## [Task to carry out]
Omit any picture, and return the remaining data exactly as written.

--- Data below ---

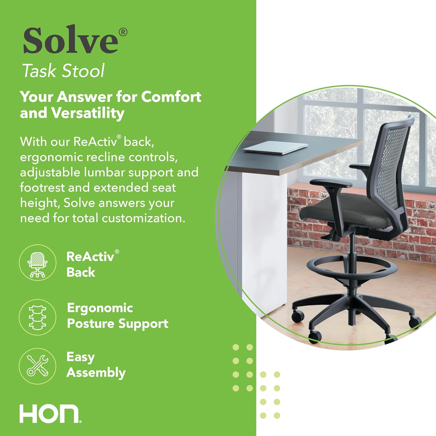 HON Solve Standing Desk Chair, ReActiv High Back Support, Office Chair with Foot Rest, Ergonomic Office Chairs, Adjustable Height
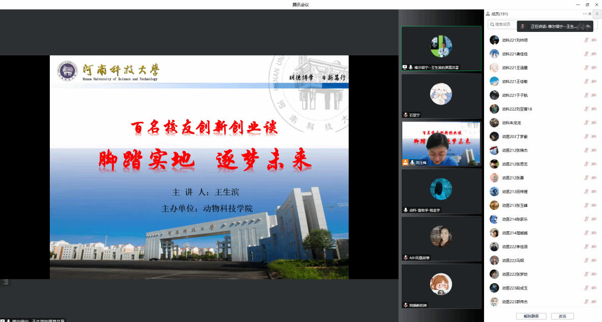 12月15日下午,由党委研究生工作部/研究生院主办、动物科技学院承办的“百名校友创新创业谈”——王生滨校友创新创业报告会于线上开展。本次报告会主题为“脚踏实地,逐梦未来”。应邀出席的嘉宾是维尔塔宁集团董事王生滨先生。本次座谈会由动物科技学院副院长刘玉梅老师主持,动物科技学院全体研究生参加。
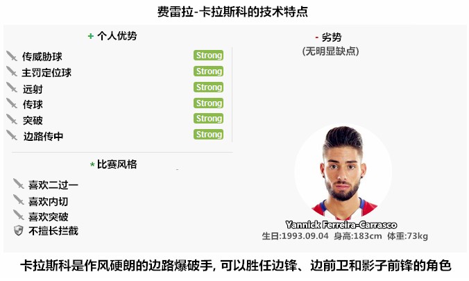 (卡拉斯科在肋部的钻营能力很强,能够在对抗情况下保证动作不变形,开阔空间内的单兵防守对他来说是形同虚设的。)

---

## [Response to this exercise]
 HON Solve Standing Desk Chair, ReActiv High Back Support, Office Chair with Foot Rest, Ergonomic Office Chairs, Adjustable Height
 12月15日下午,由党委研究生工作部/研究生院主办、动物科技学院承办的“百名校友创新创业谈”——王生滨校友创新创业报告会于线上开展。本次报告会主题为“脚踏实地,逐梦未来”。应邀出席的嘉宾是维尔塔宁集团董事王生滨先生。本次座谈会由动物科技学院副院长刘玉梅老师主持,动物科技学院全体研究生参加。
 (卡拉斯科在肋部的钻营能力很强,能够在对抗情况下保证动作不变形,开阔空间内的单兵防守对他来说是形同虚设的。)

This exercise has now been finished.